In this context, we draw your attention to three contrasting approaches to stress, used by three important men.  All appear to work for their proponents, although Jamie Dimon’s stresses may be mounting nonetheless.

The Dimon method: exercise

When Jamie Dimon is stressed, he gets up early and takes some exercise.

Hence, the Wall Street Journal reported last week that, having found it difficult to breathe upon hearing of the losses in the CIO,   Dimon couldn’t sleep and, ‘and fought the anxiety by getting up very early to exercise and head into the office.’

The Cameron method: chilling

David Cameron was praised over the weekend (by Michael Gove) for his, “finely developed capacity” to separate work and relaxation in order to clear his mind. Unlike Dimon, Cameron reportedly  mitigates stress by have very clearly delineated non-work times.

For example, he reportedly spends his Sundays: getting up early and working, but then watching a, ‘crap film on telly’, playing with the children, cooking, having three or four glasses of wine, an afternoon nap, and playing tennis.
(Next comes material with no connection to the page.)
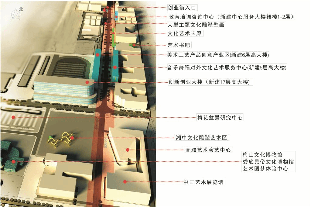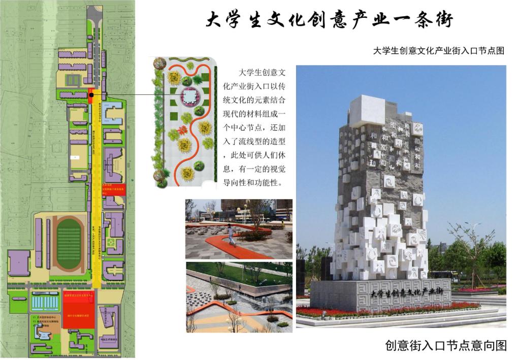 将学院路伸入学校地段(北面阳光公寓入口至南面南佳苑入口)改造建设为文化功能完善、文化品位凸显的集艺术欣赏、书画展览及收藏、文化教育培训咨询、文化创意赛事活动、艺术品线上线下交易为一体的众创空间。
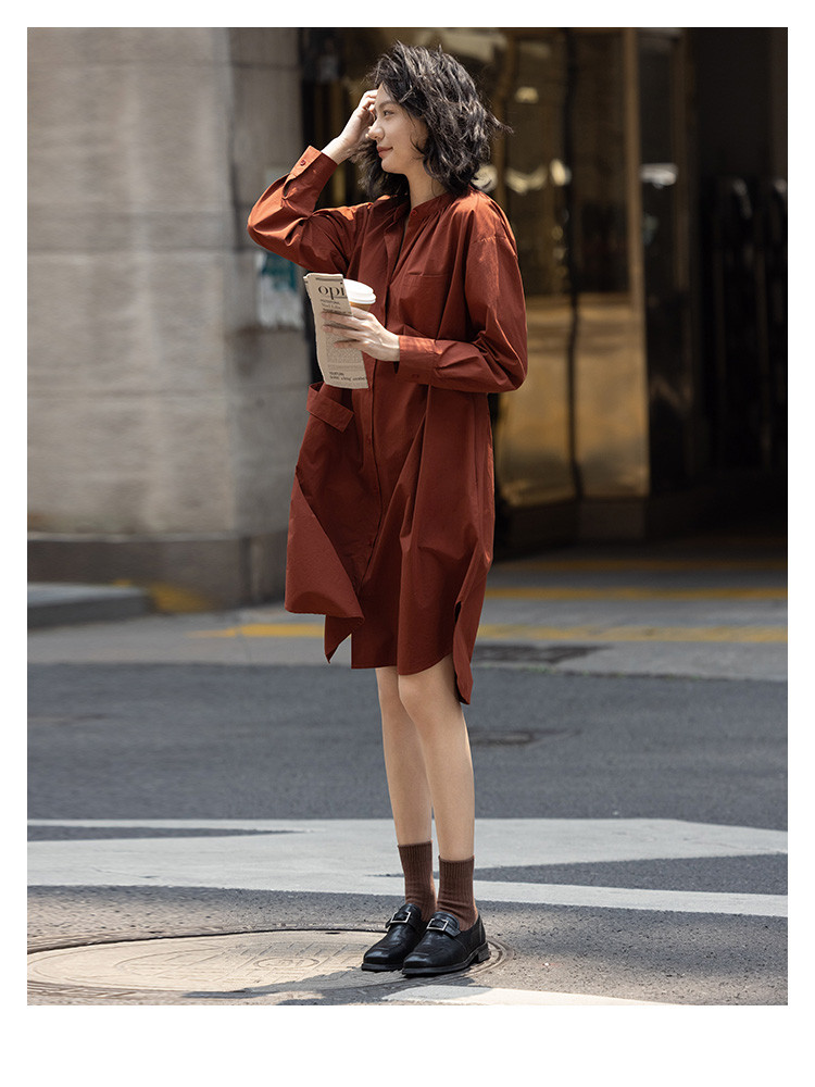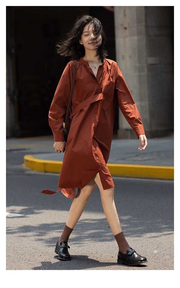 【复古红衬衫裙】秋腰间系带小众设计感松弛显瘦连衣裙 460290

The Clarke method: indulgence

Finally, Ken Clarke, the justice secretary, former Chancellor of the Exchequer and one time director of F&C, also opined on stress reduction methods.

Unlike Cameron, Clarke said his chosen method of stress absorption is a cigar and brandy, to the extent that while Cameron is up at the crack of dawn, you’re more likely to find him: “with a brandy and a cigar at one o'clock in the morning working on my papers.”